Rendered Text reserves the right, at its sole discretion, to modify or replace the Terms of Service (including any Policy), in whole or in part, at any time. Rendered Text will use reasonable efforts to notify Customer at least 30 days in advance of the effective date of any material change. Change notices may be communicated by postings at the Site and/or electronic mail. In any case, Customer should periodically check the Terms of Service for changes. Continued use of the Site or any of the Services following notice of any change constitutes Customer’s acceptance of that change.
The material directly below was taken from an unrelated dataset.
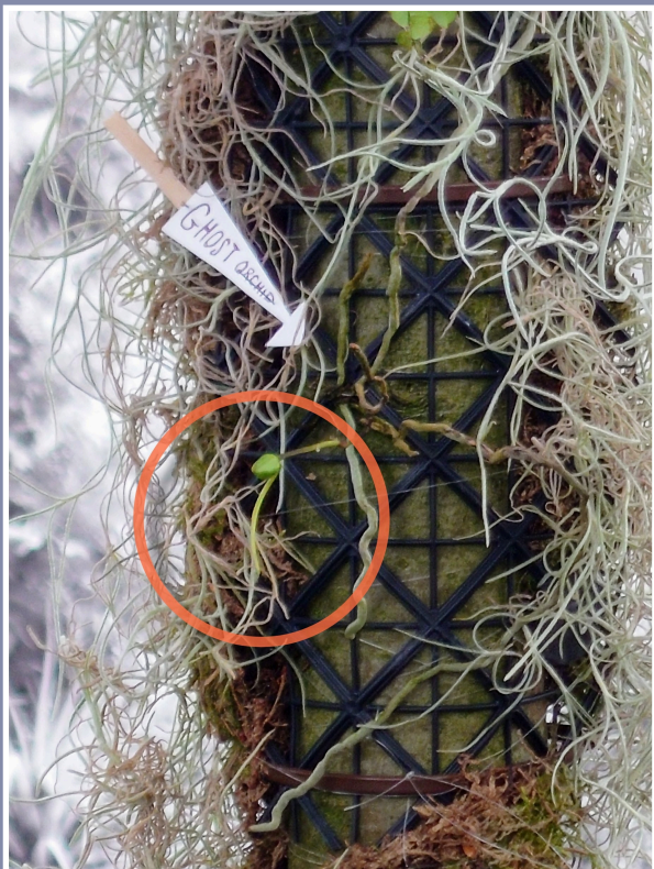
Ghost Orchid - Dendrophylax lindenii

The Orchid Society of Great Britain's Gold medal exhibit at Chelsea this year. Congratulations to everyone who took part - well done guys!

The Terms of Service may not otherwise be amended, except by a written agreement executed by Customer and Rendered Text.

Rendered Text may modify or terminate operation of the Site (including without limitation, any of the Services), in whole or in part, at any time.

3. Eligibility

Customer must be at least 13 years old to visit the Site. Otherwise, Customer is prohibited from accessing, registering for or using the Site. Rendered Text will not collect personally identifiable information from any person that is actually known to it to be a child under the age of 13.
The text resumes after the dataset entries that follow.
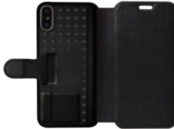
For iPhone X
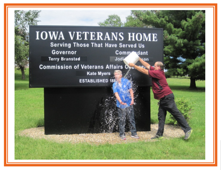
IVH Commandant takes the ALS Ice Bucket Challenge
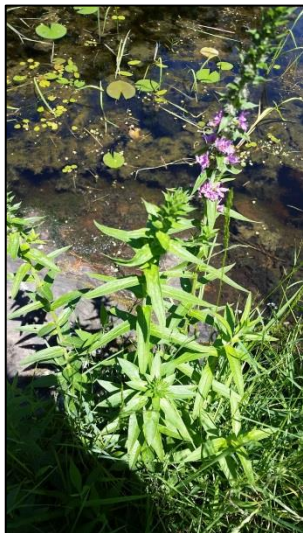
Figure 2. Purple loosestrife along the trail of HPA 1.

The Early Detection field crew surveyed Fish Creek Wildlife Management Area in June of 2015 (Figure 1). The crew surveyed previously established terrestrial highly probable areas (HPA's) and aquatic sites that were established by the 2013 field crew. At each HPA glossy buckthorn ( Rhamnus frangula ) was present. Most HPA's and roadsides surrounding the Management Area had wild parsnip present. Every water body surveyed had European frogbit ( Hydrocharis morsus-ranae ) present. Smaller creeks along Factory Road had large amounts of frogbit present, which was not noted in the 2013 field report.

The Services are available only to users that can form legally binding contracts under applicable law (and in the case of individuals, who are at least 18 years old). Otherwise, Customer is prohibited from accessing, registering for or using any of the Services. If applicable, any employee of a Customer shall be deemed to be acting on behalf of the Customer at all times.

Rendered Text may refuse to offer or continue offering the Services to any person or entity and may change its eligibility criteria from time to time.

4. Registration

Customer must complete the registration process to obtain the Services and other premium aspects of the Site. If Customer does not register, then few other parts of the Site (if any) will be available to Customer.

To register, Customer must provide Rendered Text with current, complete and accurate information, as more specifically required by the then current registration procedures. By way of illustration and not limitation, Customer may be required to specify via a third-party website a username, and to provide the name of an individual contact, company name, address, zip code, legitimate electronic mail address and certain additional information. In order to obtain paid Services, Customer will be required to provide valid credit card or mobile telephone account information for billing purposes. Customer shall maintain and update its registration data from time to time, to ensure that it is always current, complete and accurate. Customer may apply for registration at https://semaphoreapp.com. Rendered Text may refuse to accept Customer’s application to become a registered user, in its sole discretion.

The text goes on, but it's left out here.